Thursday, June 18, 2015

Sir Christopher Lee Week: The Howling II: Your Sister Is a Werewolf


Welcome back ladies and gentlemen for Day 3 of Sir Christopher Lee Week. Well it pains me to say that every so often even a great actor such as the gentleman of the week does find himself in the occasional stinker. Sayth whaaaaaat??? Surely not, Jake. Alas my readers it is so. Normally I do not sully a good man's work in this case, this particular flick has an cult following for some of the bizarre alterations to the mythos, the ever screaming, gun blasting Reb Brown and the voluptuous Sybil Danning. This is Howling II: Your Sister Is a Werewolf.

No, no. Not Dracula this time around.














Attempting to directly follow the original (by the way, this is the only sequel in the series that bothers with that notion.) after the death of Karen White, who morphed on film and then her was shot during broadcast, her funeral is being attended by her brother... who was never mentioned in the previous film. Ben White (Reb Brown of Yor, the Hunter from the Future, Uncommon Valor, Space Mutiny, Big Wednesday, The Cage, Captain America, Captain America II: Death Too Soon, The Cage II and Night Claws) is a big, beefy guy that doesn't even know why his sister was murdered and somehow the station hushed up the whole on-air murder. Grief stricken Benis visited by his sister's colleague Jenny (Annie McEnroe of The Hand, Beetlejuice, Wall Street and True Stories) and an imposing man known as Stefan (Christopher Lee) who presents Ben with a video of her on-air transmografication and execution. Apparently they could not get the rights to Joe Dante's original footage so they had the re-create the wolfing out and it is MOST DEFINITELY not Rick Baker's brilliant transformation SFX and not even Dee Wallace of the original. The actress looks like a wookie getting pissed off and then splattered in her chair.

Ben calls BS and well I am inclined to agree. Stefan assures Ben that now that her body is ready to be placed in the ground she will no doubtlessly have the silver removed from her corpse and rise from beyond the grave... like she was a vampire. He furthermore tells Ben he will stake his dead sister... like a vampire and Ben storms off in a huff. Sheesh, who hasn't lost a loved one to a strange supernatural occurrence? At the mortuary, Stefan preps to stake away when Ben sneaks out of the shadows with a shotgun pointed at our 6'5 hero. It looks like curtains for Stefan when suddenly werewolves (kinda) appear at the mortuary and ambush the both of them. Ben blasts a few in his typical Reb Brown shouty way and Stefan still does in faux Karen.

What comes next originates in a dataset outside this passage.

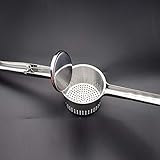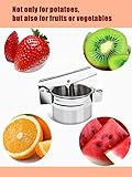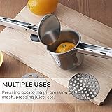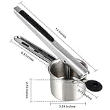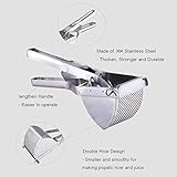 Multiusepotato ricer and masher designed with filter holes its great for making carrot sweet potatoes applesauce and spaetzle etc Not limited to these also perfect for straining fruits citrus lemon orange or mashed baby food Ergonomically designedour stainless potato ricer is more efficient than others The long handles118 inches and reliable design can reduce pressure and tension on your hands and wrists simply press the lever and done
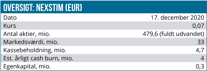 Kassebeholdningen er opgjort til 4,7 mio. EUR, op fra 4,2 mio. EUR ultimo 2019 efter endnu en markant og 86%-udvandende fortegningsemission i juni måned. Udover kassebeholdningen har Nexstim også en rentebærende gæld på 4,7 mio. EUR, hvormed netto-kassepositionen de facto er nul.

Yeah the two reasons Sybil Danning got this part.













According to Stefan, only titanium can do in these particular werewolves that hail from Transylvania... like vampires. And suddenly silver, the basis of most werewolf mythos has been tossed aside for titanium??? Stefan warns Ben and Jenny that an ancient immortal vampire er um werewolf is poised to dominate the Earth unless they put a stop to it. Because Seal Team 3 through 6 were not available that day. Our immortal Striba (Sybil Danning of The Lady in Red Kills Seven Times, The Night of the Askari, Meteor, Chained Heat, Hercules, and Halloween) is not only a werewolf but a sorceress as well and has kept the town in fear feeds from young girls to replenish her beauty and strength...like a vampire again!!!   Will Stefan and gang arrive in time to do in this foul creature of the night? Why the hell is silver not an option? What's with the creepy dwarf? Dear God how many nude scenes are in this?




Quick few comments on the film.

Being cast for Gremlins 2: The New Batch, Lee apologized to Joe Dante who helmed the original The Howling for starring in its less than stellar sequel. Lee went for the role as he had not been in a werewolf movie... and I feel he still hadn't. This movie was released during the early 80s werewolf craze like: Wolfen, Full Moon Hight, Teen Wolf, The Company of Wolves and of course An American Werewolf in London.

The pee wee puppet heads for the creatures look as though they were filmed on a sound stage and then edited in with the odd paw to swing at the actors. The transformations are laughable, the plot weak and the mythos mangled. The only thing I really enjoyed out of this movie was the soundtrack written and performed by Stephen Parsons and the Punk Group Babel. Way too much boobage for the kiddies and I guess the violence but not so much for the blood and gore.

Werewolf or Cornelius from Planet of the Apes??